Exactly retype the lines from the top of the data through the line containing "도움을 주고자 하였다.", leaving out every picture.

• [Data provided]:

Content starts

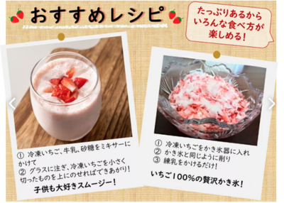 「苺スムージー」、「そのまんま苺のかき氷」、「苺のシロップ漬け」、「苺ミルク」、「苺ゼリー」、「苺シェイク」、「苺ジャム」etc・・・・
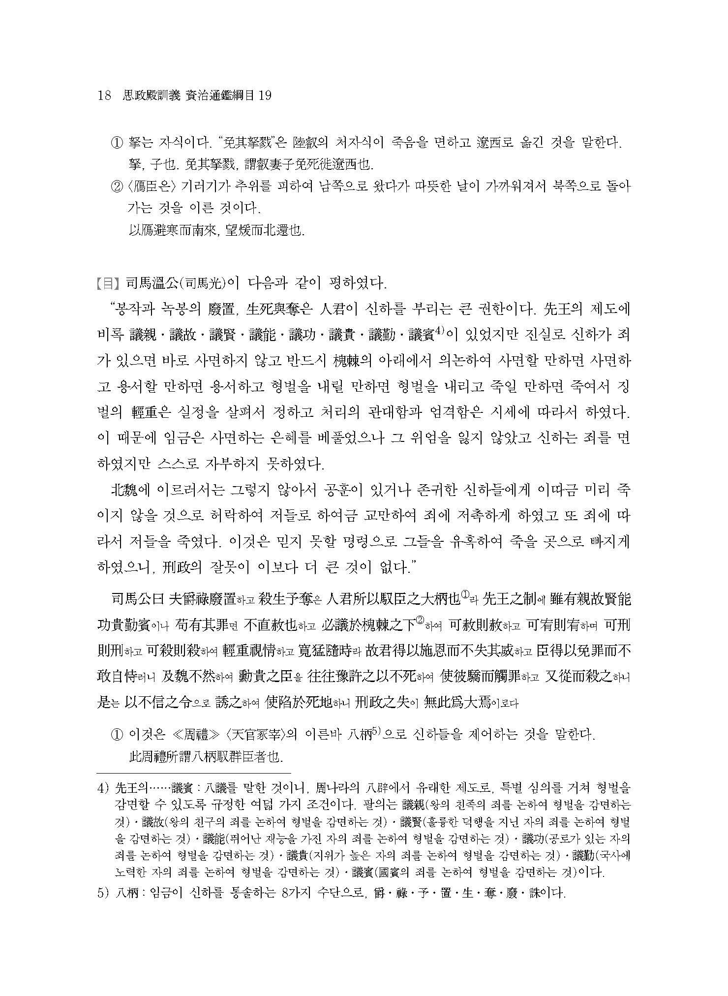 ≪역주 사정전훈의 자치통감강목≫는 모두 39책으로 간행될 예정이다. 본서는 원본의 편집 체제의 특징을 그대로 구현하고자 하였으며, 번역문은 현대적으로 표현하여 일반 독자들이 번역문만 읽어도 그 내용을 쉽게 이해할 수 있게 하였다. 또한 번역문 아래 원문을 함께 실어놓았으며 원문에는 원문의 문장구조를 한국적인 방식으로 이해하는 데 도움이 되도록 우리나라 전통적 방식의 현토懸吐를 하였을 뿐만 아니라 교감을 하여 학술적 연구에 도움을 주고자 하였다.
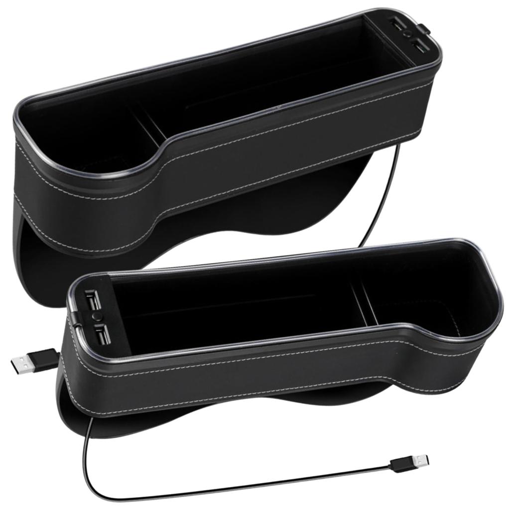 This multifunctional car console (pocket) box effectively utilizes the gap between the driver's and passenger's seats. Crafted with our signature microfiber leather, it's durable and practical, and daily cleaning is easy with a lightly damp cloth. While ideal for seat-side storage, its sophisticated design and texture make it a great addition to any vehicle. It's also available in four colors, so you can choose the one that best suits your vehicle. In addition to cup holders and storage, it also features four USB ports (two each) for fast charging multiple devices, including iPhones and smartphones. It also features a built-in light for improved nighttime visibility and a stylish appearance. Installation is easy; simply insert it into the gap and you're ready to go. Please note: Installation will not work if it interferes with the handbrake, so please be sure to check the dimensions. [Details] Size: 28.5cm x 18.5cm x 7cm / Colors: Black, Off-White, Red, Brown / Set Contents: Two units
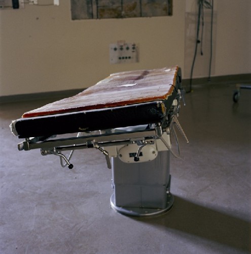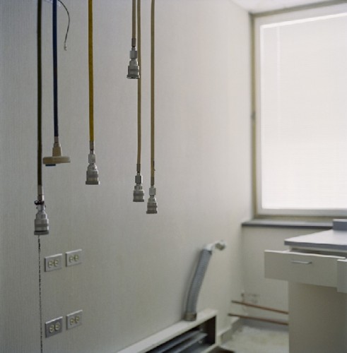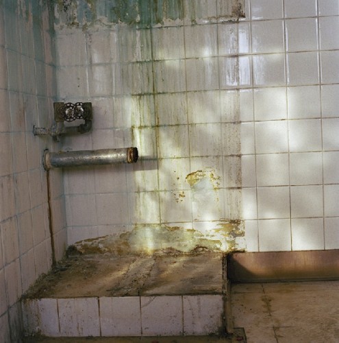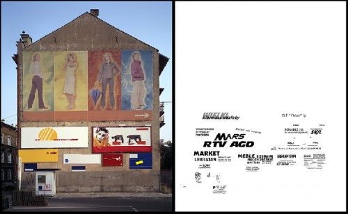 In this exhibition I found myself particularly drawn into Mary Farmilant's selectively focused, square images of an empty hospital. As we contemplate a worn operating table, a decaying shower, or a empty room, we feel like solitary visitors wandering about this rather sinister building. I could also enter into Brian Ulrich's cynical, but humane vision of retail stores, in which we encounter a rack of plastic crucifixes and an elderly lady, probably Polish, critically examines plastic-wrapped celery in front of a supremely tacky balloon with a picture of a smiling girl surrounded by cartoonish flowers. In these his reliance on Andreas Gursky is both obvious and explicit, but he brings his own more emotionally sympathetic vision to his photographs. Greg Stimac's images of American gun-culture are appropriately scary. Enjoying one's arsenal appears as a family activity in these scenes, in which children cringe or hold their ears behind the happy marksmen. Matt Siber is represented by images from "The Untitled Project," in which he has used Photoshop to remove the texts from logos and signs to draw "attention to the role text plays in the modern landscape," and to emphasize "alternative forms of communication such as symbols, colors, architecture and corporate branding," as well as "the growing number of ways in which public voices communicate without using traditional forms of written language." Most intriguing was a wall of Polish adverts (in Poland, not Chicago!) with text removed and shown in a separate image. Jonathan Gitelson photographed his own car plastered with handbills, and portraits of likely applicants for improbable classified job ads, e.g. "rock star" and "oceanographer." Well, the show is about young photographers.

Content ends

• [Exercise response]:
 「苺スムージー」、「そのまんま苺のかき氷」、「苺のシロップ漬け」、「苺ミルク」、「苺ゼリー」、「苺シェイク」、「苺ジャム」etc・・・・
 ≪역주 사정전훈의 자치통감강목≫는 모두 39책으로 간행될 예정이다. 본서는 원본의 편집 체제의 특징을 그대로 구현하고자 하였으며, 번역문은 현대적으로 표현하여 일반 독자들이 번역문만 읽어도 그 내용을 쉽게 이해할 수 있게 하였다. 또한 번역문 아래 원문을 함께 실어놓았으며 원문에는 원문의 문장구조를 한국적인 방식으로 이해하는 데 도움이 되도록 우리나라 전통적 방식의 현토懸吐를 하였을 뿐만 아니라 교감을 하여 학술적 연구에 도움을 주고자 하였다.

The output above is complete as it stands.